Even though my job as a fitness instructor and nutritionist is active, I still spend long spells at my desk writing nutrition plans, blogs, newsletters, planning classes, posting on social media etc.
It is important to make sure you are comfortable at your desk…your chair position or desk height often isn’t the main problem but rather sitting for too long in the same position can cause tension, headaches, back problems , poor posture etc. You can make small changes that will make you feel less tensed, tight and uncomfortable throughout the day therefore reducing the negative impact.
Below are a few tips you can try. I hope you find them useful and make a habit of using even just a couple of them regularly.
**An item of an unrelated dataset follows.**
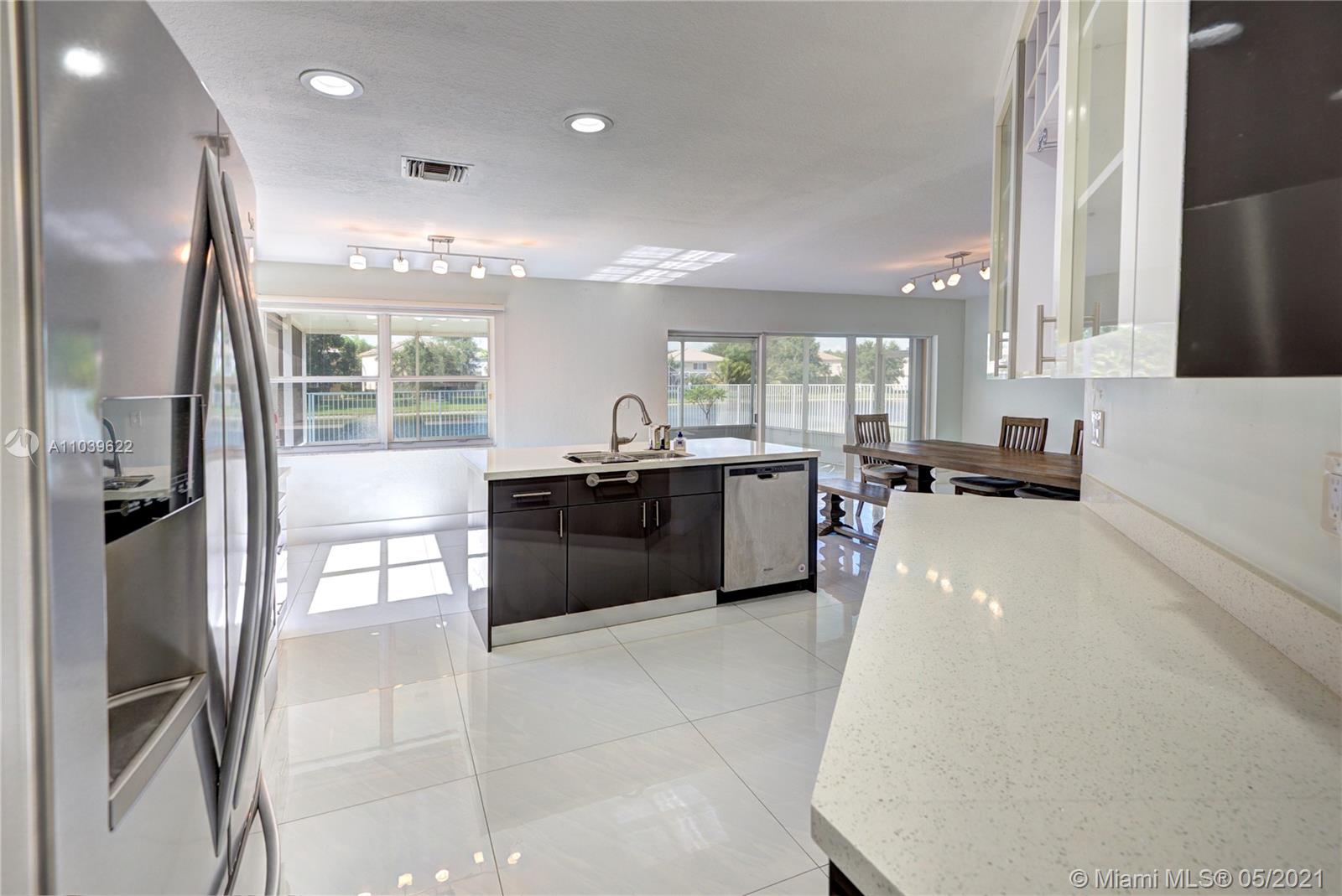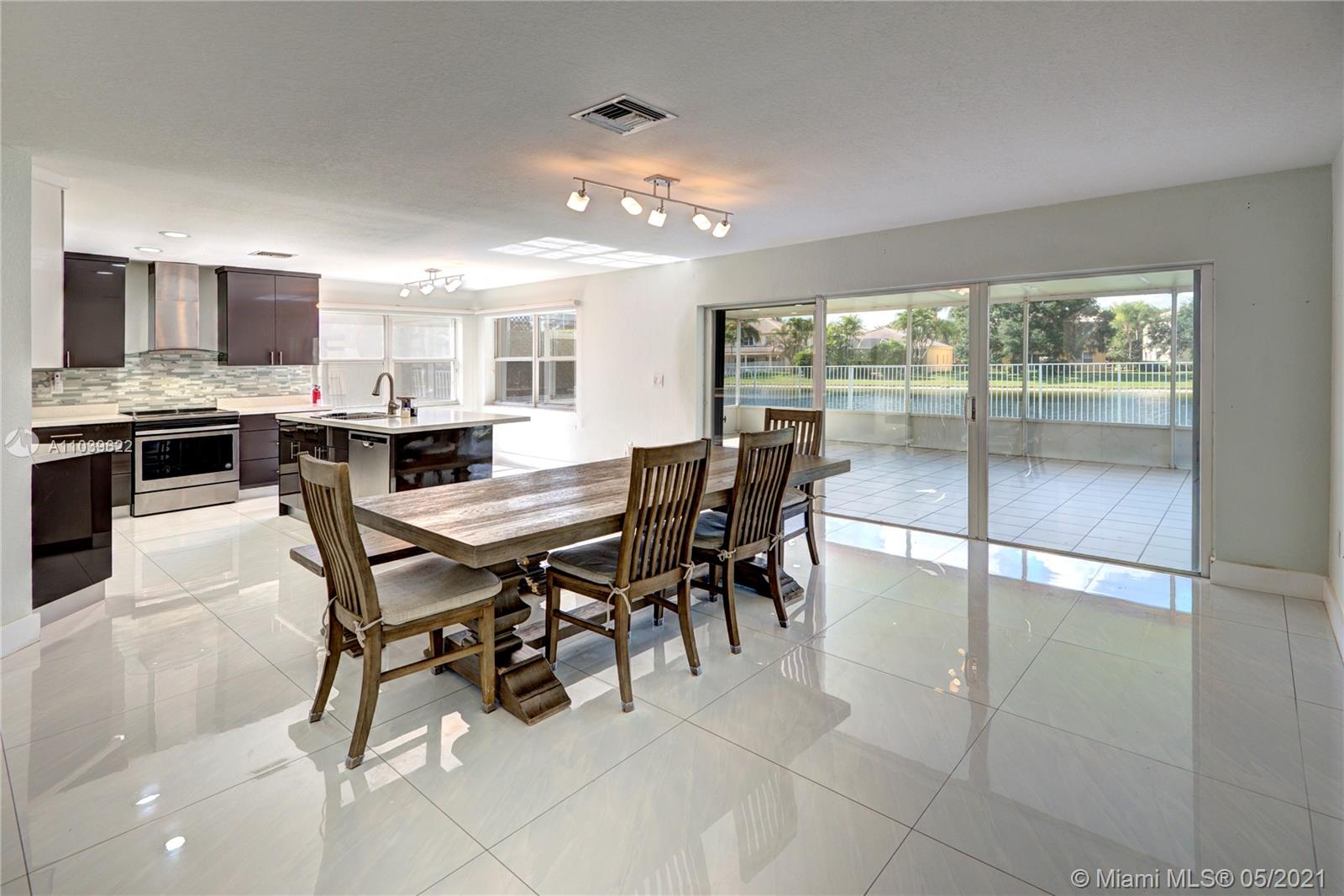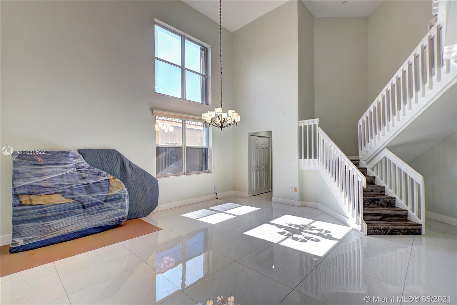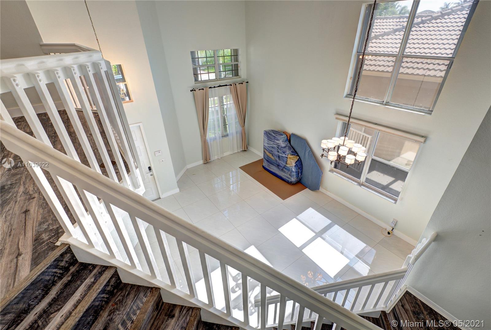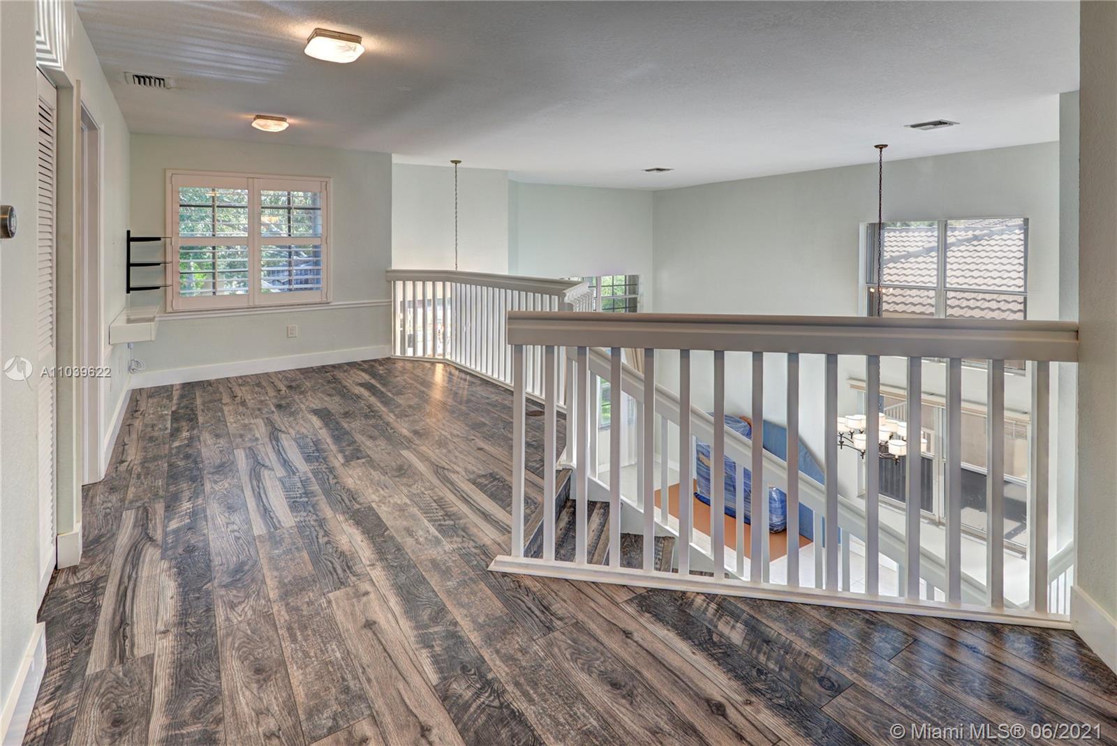 Amazing lake view home in Emerald Estates Weston Florida. Totally Remodeled large 4 bedrooms,3 bath,2 car garage with loft. Open floor plan with vaulted ceilings. Newer kitchen with Quartz counters, stainless appliances & range hood. Marble flooring on 1st floor, laminate on 2nd floor. Master bedroom upstairs with walk-in closet, bathroom with jetted tub, glass enclosed shower, and dual sinks. Jack & Jill bed/bath combo, and open loft perfect for office or den. Bedroom on 1st floor with full bath. Laundry room with cabinets, and storage closet. Enjoy the lake view from the over-sized roofed, screened patio. Accordion shutters on all windows. HOA fee includes: lawn, sprinklers, alarm, basic cable, 24 hour guard gate, pool, kid's play area & fitness room. Close to shopping & major highways.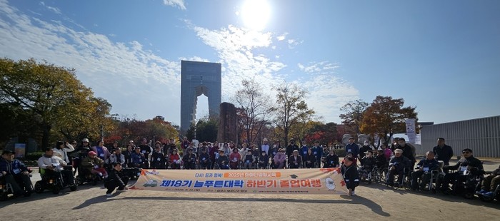 [파이낸셜경제=김예빈 기자] (재)김해시복지재단 장애인종합복지관은 지난 13일 제18기 늘푸른대학 졸업을 맞이하여 프로그램 참여자 80여명과 함께 『제18기 늘푸른대학』 졸업여행을 실시했다.

Sitting down for prolonged periods (even in the most comfortable of chairs) is taxing on the body. Tightness in the hips, abdominals, neck and shoulders are only a few of the negative effects of prolonged sitting. Try to find as many moments in your day where you can to stand up – even if it is just for 30 seconds! Try standing when you take phone calls, talk to a colleague or while watching your screen.
Break long spells of sitting still by setting up a timer to remind you to change position or do a bit of mobilising and stretching. Every time the alarm goes off (every 20-30 minutes maybe) do a few movements such as:
1. Rolling your shoulders back a few times
2. Stretching your arms up towards the ceiling (stretch your fingers wide away from each other)
3. Placing your hands behind your head and pressing your head back-into the hands
4. Stretch your arms out to the sides with palms facing up and then take the arms as far behind the body as you can (pulsing back a few times)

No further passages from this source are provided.